__Problem__. If pictures appear in the lines below, skip them and copy exactly the lines from the one containing "为迎接第41个教师节的,大力" through the one containing "Таланты. У каждого", and nothing else.

__Provided entries__.
──────

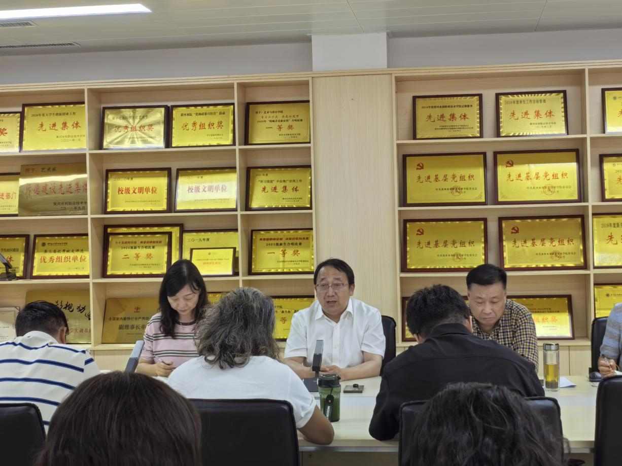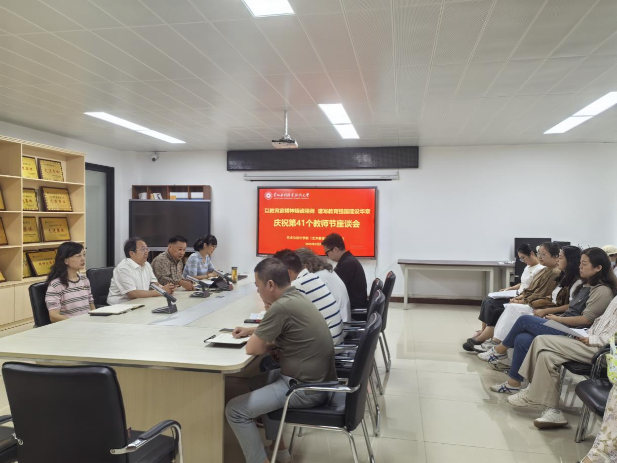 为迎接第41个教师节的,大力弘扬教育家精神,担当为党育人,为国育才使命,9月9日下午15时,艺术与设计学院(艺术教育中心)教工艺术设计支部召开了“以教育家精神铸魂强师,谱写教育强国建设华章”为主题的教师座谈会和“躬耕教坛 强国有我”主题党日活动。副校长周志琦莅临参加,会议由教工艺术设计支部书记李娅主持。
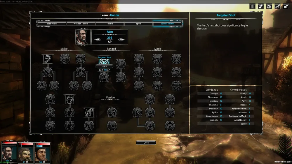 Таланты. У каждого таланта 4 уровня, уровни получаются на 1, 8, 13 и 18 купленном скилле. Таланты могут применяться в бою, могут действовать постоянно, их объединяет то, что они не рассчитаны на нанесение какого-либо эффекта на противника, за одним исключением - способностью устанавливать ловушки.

──────

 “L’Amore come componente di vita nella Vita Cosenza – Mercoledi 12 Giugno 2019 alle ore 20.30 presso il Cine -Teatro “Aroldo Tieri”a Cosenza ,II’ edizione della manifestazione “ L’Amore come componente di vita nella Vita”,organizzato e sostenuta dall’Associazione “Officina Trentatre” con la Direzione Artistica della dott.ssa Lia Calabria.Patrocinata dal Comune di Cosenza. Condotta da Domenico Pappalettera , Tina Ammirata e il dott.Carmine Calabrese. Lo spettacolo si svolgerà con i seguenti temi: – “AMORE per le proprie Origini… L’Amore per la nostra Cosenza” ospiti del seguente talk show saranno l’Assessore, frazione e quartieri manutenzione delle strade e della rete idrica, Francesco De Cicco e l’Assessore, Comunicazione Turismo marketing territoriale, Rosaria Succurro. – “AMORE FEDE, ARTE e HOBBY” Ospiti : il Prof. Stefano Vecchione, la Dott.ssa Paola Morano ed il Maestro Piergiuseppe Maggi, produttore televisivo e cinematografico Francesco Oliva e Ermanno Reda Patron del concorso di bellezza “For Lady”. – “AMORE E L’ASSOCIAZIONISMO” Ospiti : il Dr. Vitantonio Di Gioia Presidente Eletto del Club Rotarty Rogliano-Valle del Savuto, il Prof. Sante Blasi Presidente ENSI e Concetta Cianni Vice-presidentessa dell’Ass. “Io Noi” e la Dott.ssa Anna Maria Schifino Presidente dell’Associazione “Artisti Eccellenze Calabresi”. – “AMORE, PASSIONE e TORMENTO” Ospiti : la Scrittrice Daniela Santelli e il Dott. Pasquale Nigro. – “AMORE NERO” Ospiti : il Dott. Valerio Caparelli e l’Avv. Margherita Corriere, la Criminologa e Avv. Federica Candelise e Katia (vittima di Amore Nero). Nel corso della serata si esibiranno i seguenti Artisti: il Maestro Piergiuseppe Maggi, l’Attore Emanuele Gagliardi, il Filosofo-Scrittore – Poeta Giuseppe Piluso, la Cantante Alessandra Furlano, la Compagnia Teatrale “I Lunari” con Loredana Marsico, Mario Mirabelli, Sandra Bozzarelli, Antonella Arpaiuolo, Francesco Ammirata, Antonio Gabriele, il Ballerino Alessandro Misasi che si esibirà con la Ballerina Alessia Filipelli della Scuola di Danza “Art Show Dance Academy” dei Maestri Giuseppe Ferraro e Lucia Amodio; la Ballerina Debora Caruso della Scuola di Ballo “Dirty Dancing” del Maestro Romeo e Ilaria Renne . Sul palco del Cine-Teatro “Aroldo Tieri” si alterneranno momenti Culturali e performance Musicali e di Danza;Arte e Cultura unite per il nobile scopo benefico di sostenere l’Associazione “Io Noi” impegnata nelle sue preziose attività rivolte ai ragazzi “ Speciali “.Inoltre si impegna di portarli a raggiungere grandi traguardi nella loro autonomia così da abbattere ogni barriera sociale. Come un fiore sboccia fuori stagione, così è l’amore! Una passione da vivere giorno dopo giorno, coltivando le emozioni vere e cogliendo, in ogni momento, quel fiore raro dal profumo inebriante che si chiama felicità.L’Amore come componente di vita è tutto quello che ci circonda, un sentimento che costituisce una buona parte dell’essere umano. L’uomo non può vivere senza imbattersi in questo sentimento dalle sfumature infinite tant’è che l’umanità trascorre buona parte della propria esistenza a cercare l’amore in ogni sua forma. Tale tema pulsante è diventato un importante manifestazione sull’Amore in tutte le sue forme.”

──────

__Your solution__.
 为迎接第41个教师节的,大力弘扬教育家精神,担当为党育人,为国育才使命,9月9日下午15时,艺术与设计学院(艺术教育中心)教工艺术设计支部召开了“以教育家精神铸魂强师,谱写教育强国建设华章”为主题的教师座谈会和“躬耕教坛 强国有我”主题党日活动。副校长周志琦莅临参加,会议由教工艺术设计支部书记李娅主持。
 Таланты. У каждого таланта 4 уровня, уровни получаются на 1, 8, 13 и 18 купленном скилле. Таланты могут применяться в бою, могут действовать постоянно, их объединяет то, что они не рассчитаны на нанесение какого-либо эффекта на противника, за одним исключением - способностью устанавливать ловушки.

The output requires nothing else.